After the jury was excused and left the courtroom, the circuit court explained on the record the reasons for declaring a mistrial: that the defense had moved for a mistrial because of Assistant District Attorney Lowe’s statement to the jury that he might be a witness; that it was determined that a curative instruction would not be an appropriate remedy; that the only option would have been to compel Assistant District Attorney Lowe to withdraw from participation in the case; and that this alternative was not viable because Assistant District Attorney Molitor was unfamiliar with this complicated case.

Attorney Carter stated on the record that the defense did not believe there was any prosecutorial misconduct in this case and that the unforeseen circumstances leading to the mistrial had begun about ten days before the trial began.

A second trial was scheduled for February 27, 1979, and on February 21, 1979, the defense filed two motions to dismiss, one on the basis of denial of right to speedy trial, and the other on the basis of double jeopardy.

*92At the pretrial conference on February 26, 1979, the circuit court issued a written order denying the motion to dismiss on the basis of double jeopardy, and on the same day, the defendant filed a notice of appeal from the order to the court of appeals.

In cases where the defendant affirmatively moves for a mistrial, as in the case at bar, and the proceedings are terminated at defendant’s request and with his consent, the general rule is that the double jeopardy protection is not a bar to reprosecution. The defendant, by seeking a mistrial has surrendered his “valued right” to secure a verdict from the first tribunal. However, if defendant’s motion for mistrial is prompted by prosecutorial or judicial misconduct which was intended “to provoke” defendant’s motion or was otherwise “motivated by bad faith or undertaken to harass or prejudice” the defendant or “to afford the prosecution a more favorable opportunity to convict” the defendant, double jeopardy does bar further prosecution. See, e.g., Lee v. United States, 432 U.S. 23, 33 (1977); United States v. Dinitz, 424 U.S. 600, 611 (1976) ; United States v. Jorn, 400 U.S. 470, 485 (1971); United States v. Tateo, 377 U.S. 463, 467 (1964); State v. Harrell, 85 Wis.2d 331, 335, 270 N.W.2d 428 (Ct. App. 1978). If the defendant’s motion for a mistrial is prompted by prosecutorial error made in the exercise of good faith and professional judgment, there generally is no bar to retrial. State v. Calhoun, 67 Wis.2d 204, 225, 226 N.W.2d 504 (1975).13

The defendant asserts that the prosecutor deliberately forced a mistrial in this case in an effort to gain more time. Defendant bases his assertion on the fact that the *93prosecutor asked for an adjournment which was denied. The prosecution could have thought that it had less likelihood of convicting the defendant with an “unprepared” assistant district attorney prosecuting the case, hut there is no indication in the record that Assistant District Attorney Lowe made the statement to the jury with the intent of provoking a mistrial in order to gain time and a more favorable opportunity to convict the defendant. The defendant attempts to prove that Assistant District Attorney Lowe deliberately prejudiced the jury by arguing that the record shows that the State either never intended to call Lowe as a witness (Lowe was not on the list of witnesses) or that the State did intend to call Lowe as a witness but used this technique in order to have Lowe continue to participate as a prosecuting attorney. The record does not support either theory. The record shows that Assistant District Attorney Lowe apparently thought in good faith that he might be called as a witness, and that if there was to be no adjournment he was required to take a limited role at trial.

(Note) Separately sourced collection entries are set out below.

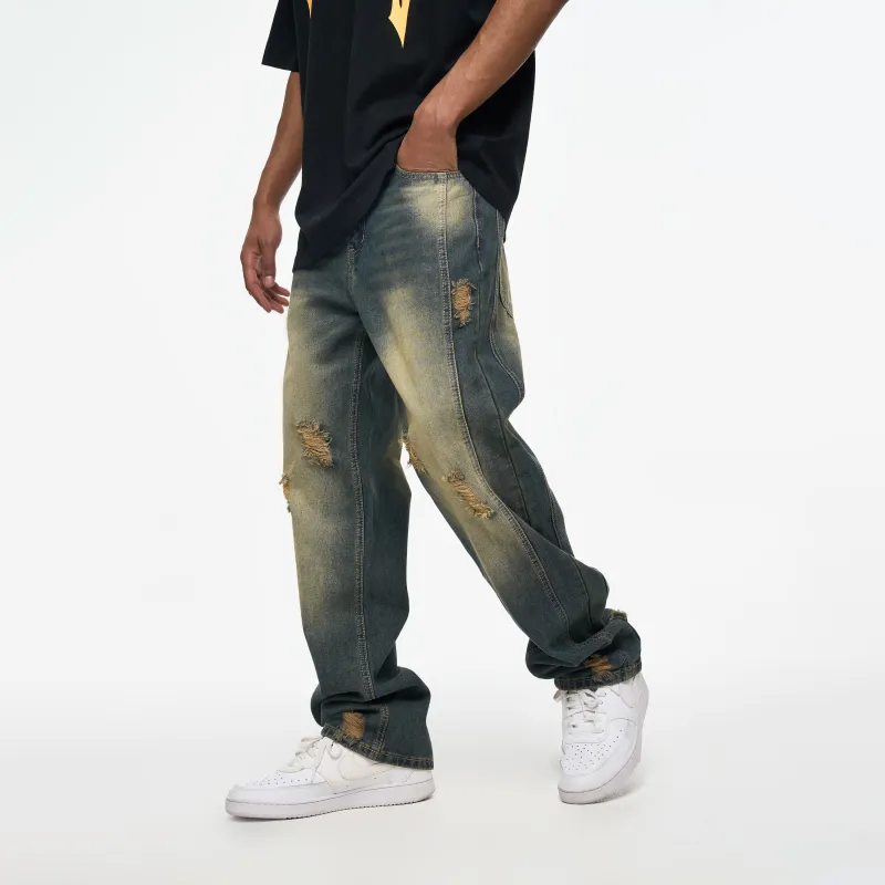 YearnObtainRainbow 청바지 남녀공용 빈티지 블루
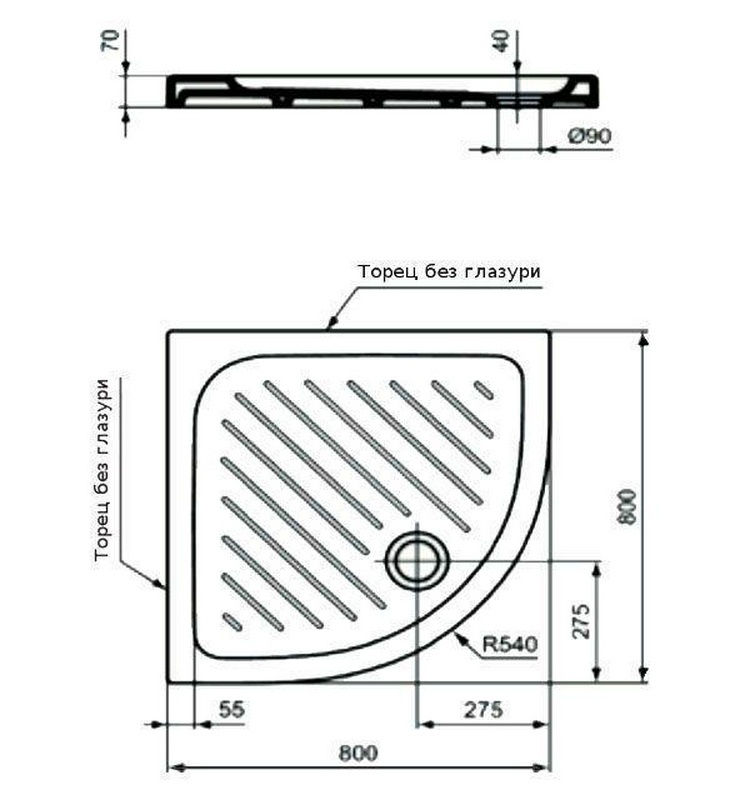Душевой поддон Vidima Видима Поддон 80х80 см полукруглый, керамический, БЕЗ сифона ZZ
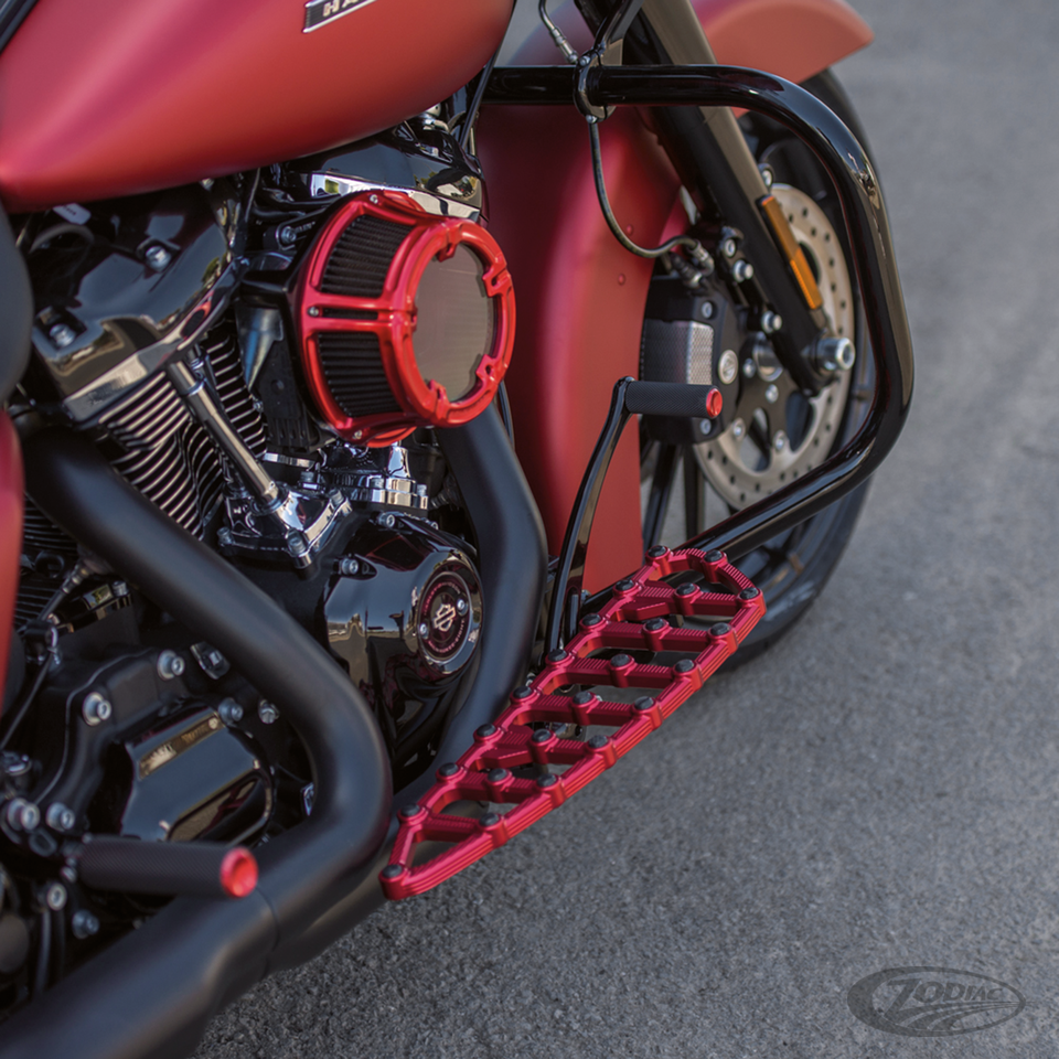 The Ness MX floorboards feature a detailed cut-through design with integrated rubber inserts for excellent foot traction. CNC machined from a solid block of billet aluminum, with extended length for added foot room and comfort. Driver floorboards are 18" (45.8cm) long and 5 3/4" (14.6cm) wide. Passenger floorboards are 8" (20.3cm) long and 4 1/4" (10.8cm) wide.
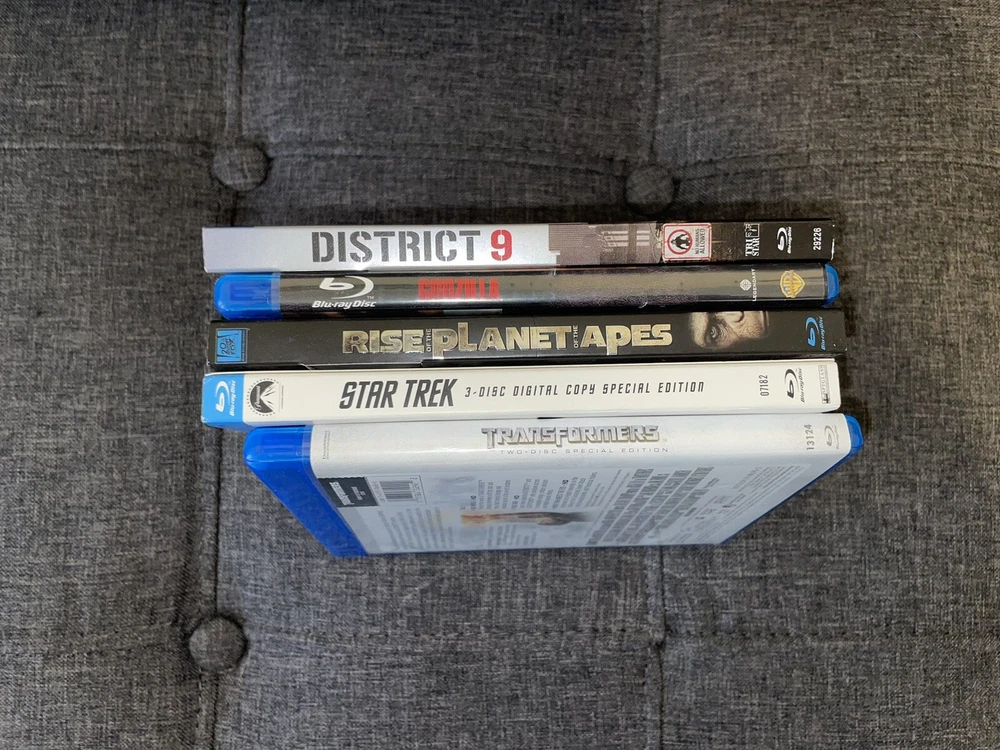Science Fiction Blu-Ray Movies Set Lot. These are all sci-fi movies that are great for their story and special effects. These are all from my personal collection and are in great shape. These were all bough from a store and are not former rentals. All Blu-rays are Region A, USA. These sets do not include digital copies. The five movies included are: District 9 on Blu-Ray and includes digital DVD disc but no code included (Slipcover Included) Godzilla 1, on Blu-Ray & DVD Rise of the Planet of the Apes 1, on Blu-Ray & DVD which is also the digital copy disc but no code included (Slipcover Included) Star Trek 1, 3-Disc Special Edition Blu-Ray, DVD & DVD digital copy disc but no code included (Slipcover Included) Transformers 1, Special Edition Two-Disc Blu-Ray set Will ship with USPS.

The assistant district attorney’s informing the jury that he might be a witness, even if it constituted error, was not the product of “prosecutorial overreaching” as that phrase has been interpreted in prior decisions; the prosecutor’s conduct was certainly not so patently baseless as to lead us to infer that the prosecutor intended the misconduct to result in a mistrial or was motivated by bad faith.14

*94At the time the mistrial was declared, defense counsel stated that there had been no prosecutorial misconduct causing the mistrial.15 In his motion to dismiss further *95prosecution on double jeopardy grounds, defense counsel argued that prosecutorial misconduct caused the mistrial. Defense counsel maintains that the prosecutor’s “bad motives” were not discernible at the time of the mistrial but were demonstrated later when the prosecution added witnesses to those previously listed. The record does not show that the prosecution intended to cause a mistrial to obtain time in which to prepare a stronger case. During the interval between the mistrial and the date of the new trial, it appears that additional preparation was undertaken by the State, but that some of this additional preparation was probably due to the defense counsel’s expressed intent of calling additional witnesses.

We conclude that the court of appeals should have heard defendant’s appeal, and we further conclude that defendant’s double jeopardy claim is without merit. We affirm the order of the circuit court.

By the Court. — Decision of the court of appeals is reversed; order of the circuit court is affirmed.

The Fifth Amendment to the United States Constitution provides:

“No person shall he . . . subject for the same offense to be twice put in jeopardy of life and limb.”

A similar provision is found in Art. I, sec. 8, of the Wisconsin Constitution, which reads:

“. . . no person for the same offense shall be put twice in jeopardy, of punishment, . . . .”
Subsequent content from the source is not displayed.